Repeat the listing below verbatim, without its images.

### DATA PROVIDED
============
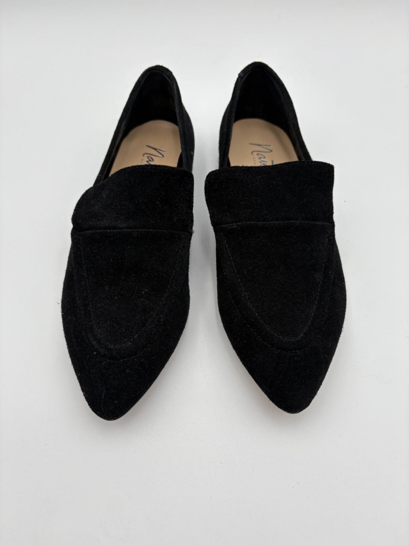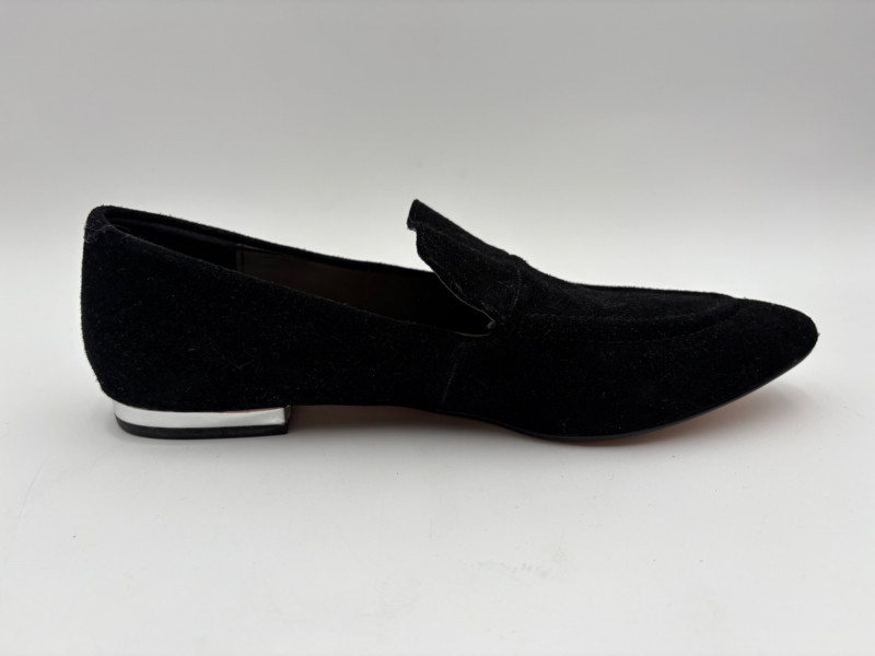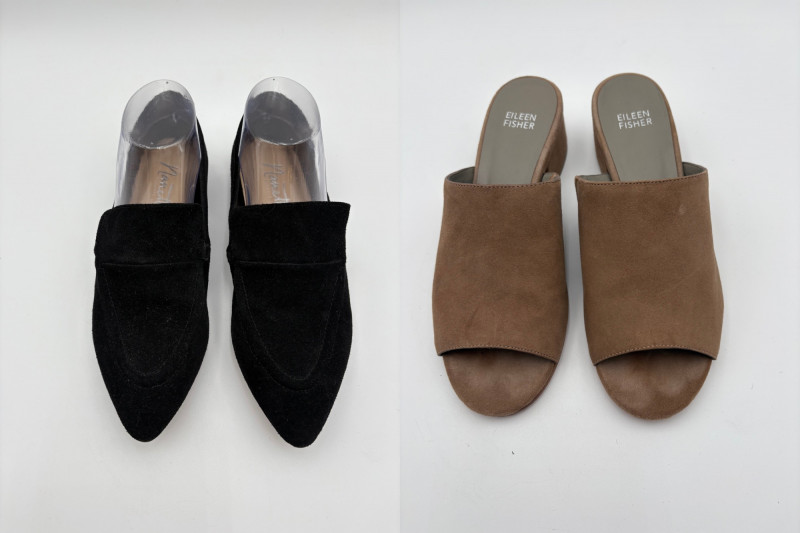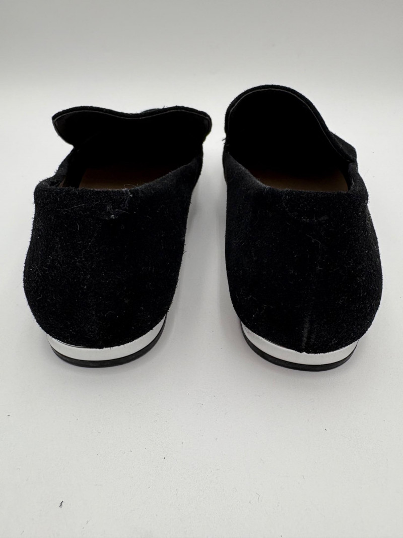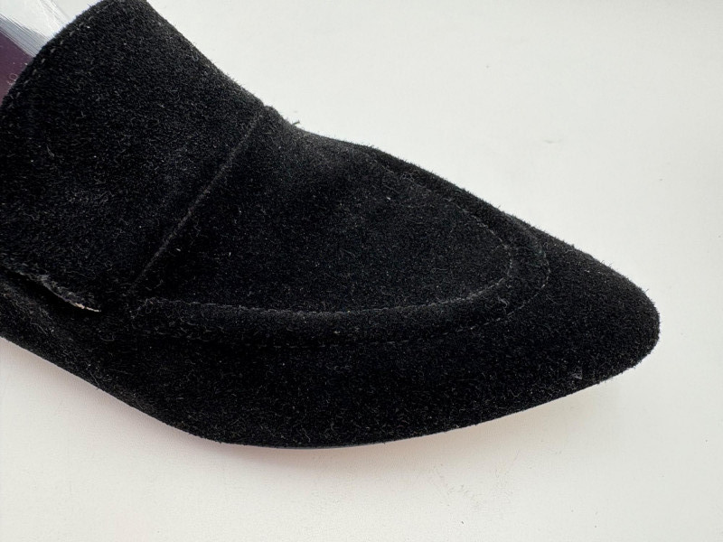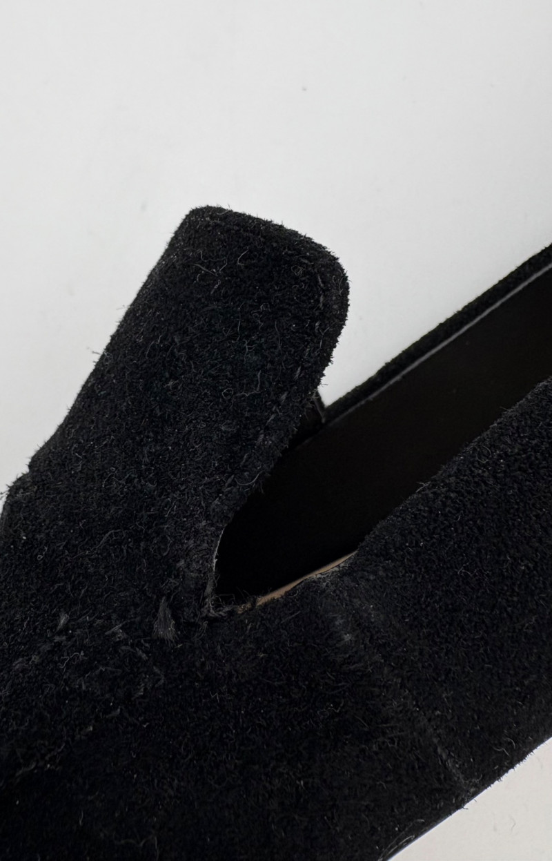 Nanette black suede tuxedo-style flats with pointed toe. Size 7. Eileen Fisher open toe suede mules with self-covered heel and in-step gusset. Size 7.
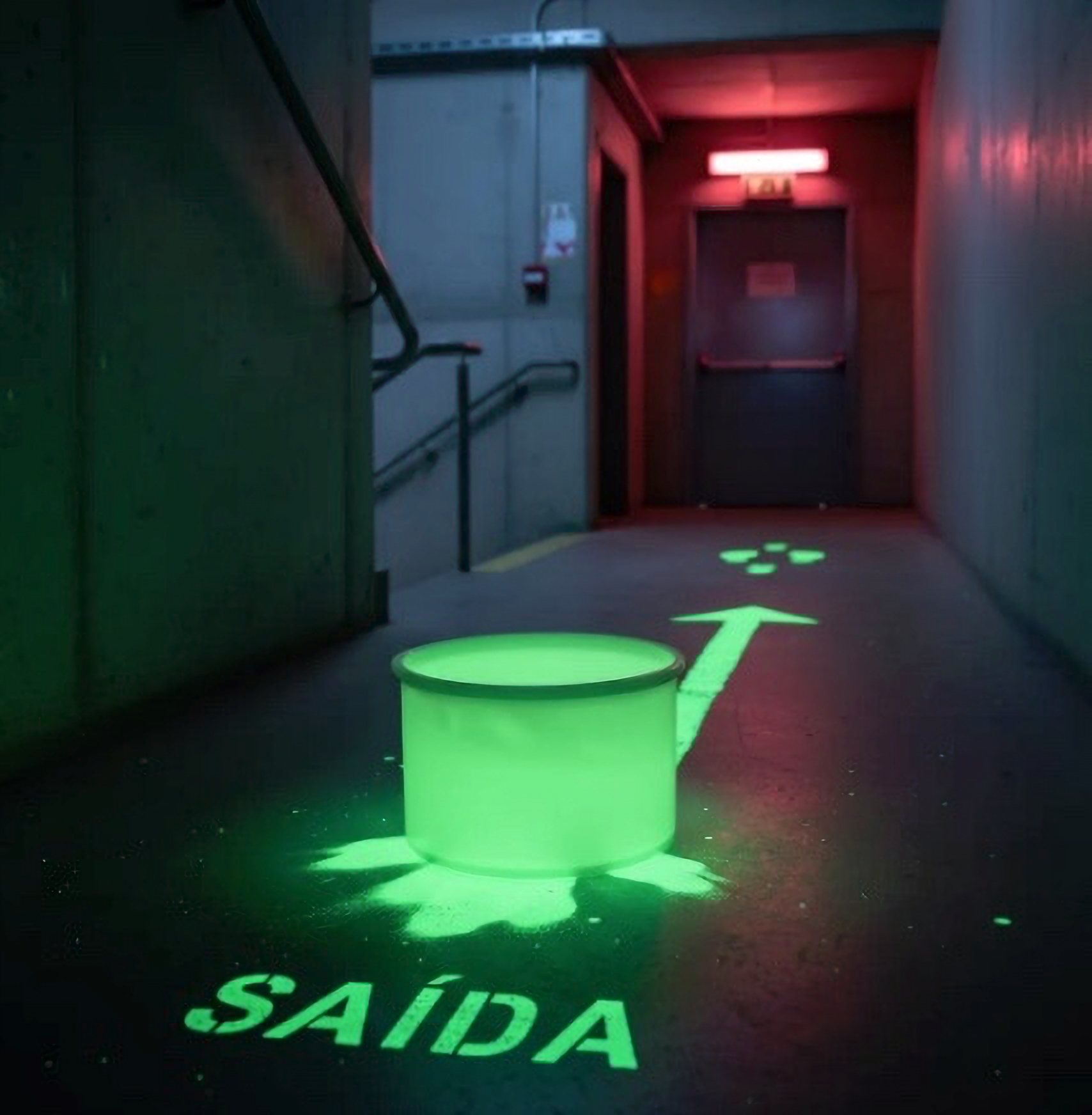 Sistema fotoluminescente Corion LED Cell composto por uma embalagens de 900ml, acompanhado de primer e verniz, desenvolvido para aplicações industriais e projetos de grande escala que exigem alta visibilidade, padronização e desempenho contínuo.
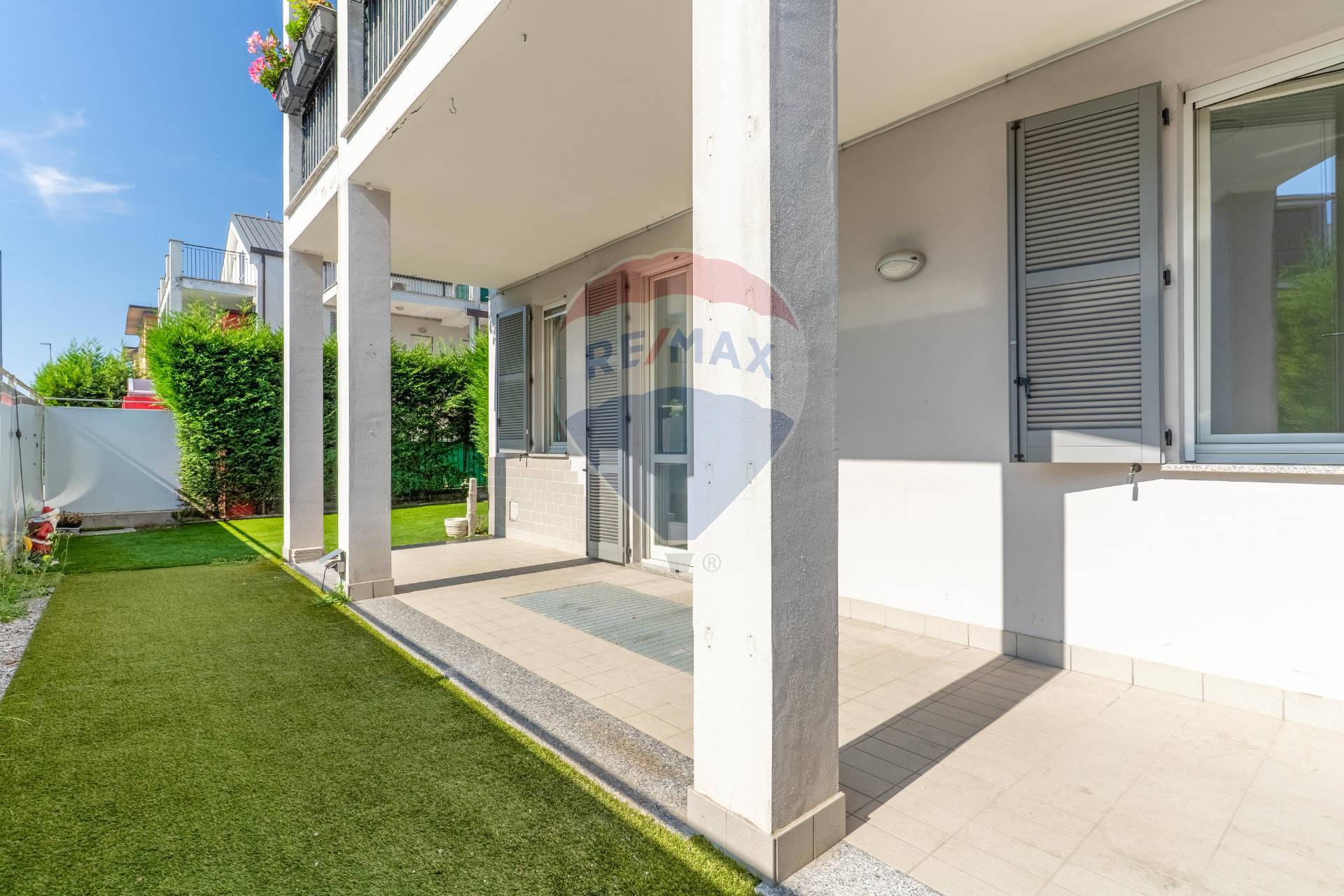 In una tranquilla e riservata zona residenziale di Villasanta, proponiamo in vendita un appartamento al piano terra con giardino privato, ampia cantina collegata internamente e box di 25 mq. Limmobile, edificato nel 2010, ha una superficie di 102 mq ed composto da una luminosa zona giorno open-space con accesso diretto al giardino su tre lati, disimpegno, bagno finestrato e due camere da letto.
============
### WRITTEN ANSWER
 Nanette black suede tuxedo-style flats with pointed toe. Size 7. Eileen Fisher open toe suede mules with self-covered heel and in-step gusset. Size 7.
 Sistema fotoluminescente Corion LED Cell composto por uma embalagens de 900ml, acompanhado de primer e verniz, desenvolvido para aplicações industriais e projetos de grande escala que exigem alta visibilidade, padronização e desempenho contínuo.
 In una tranquilla e riservata zona residenziale di Villasanta, proponiamo in vendita un appartamento al piano terra con giardino privato, ampia cantina collegata internamente e box di 25 mq. Limmobile, edificato nel 2010, ha una superficie di 102 mq ed composto da una luminosa zona giorno open-space con accesso diretto al giardino su tre lati, disimpegno, bagno finestrato e due camere da letto.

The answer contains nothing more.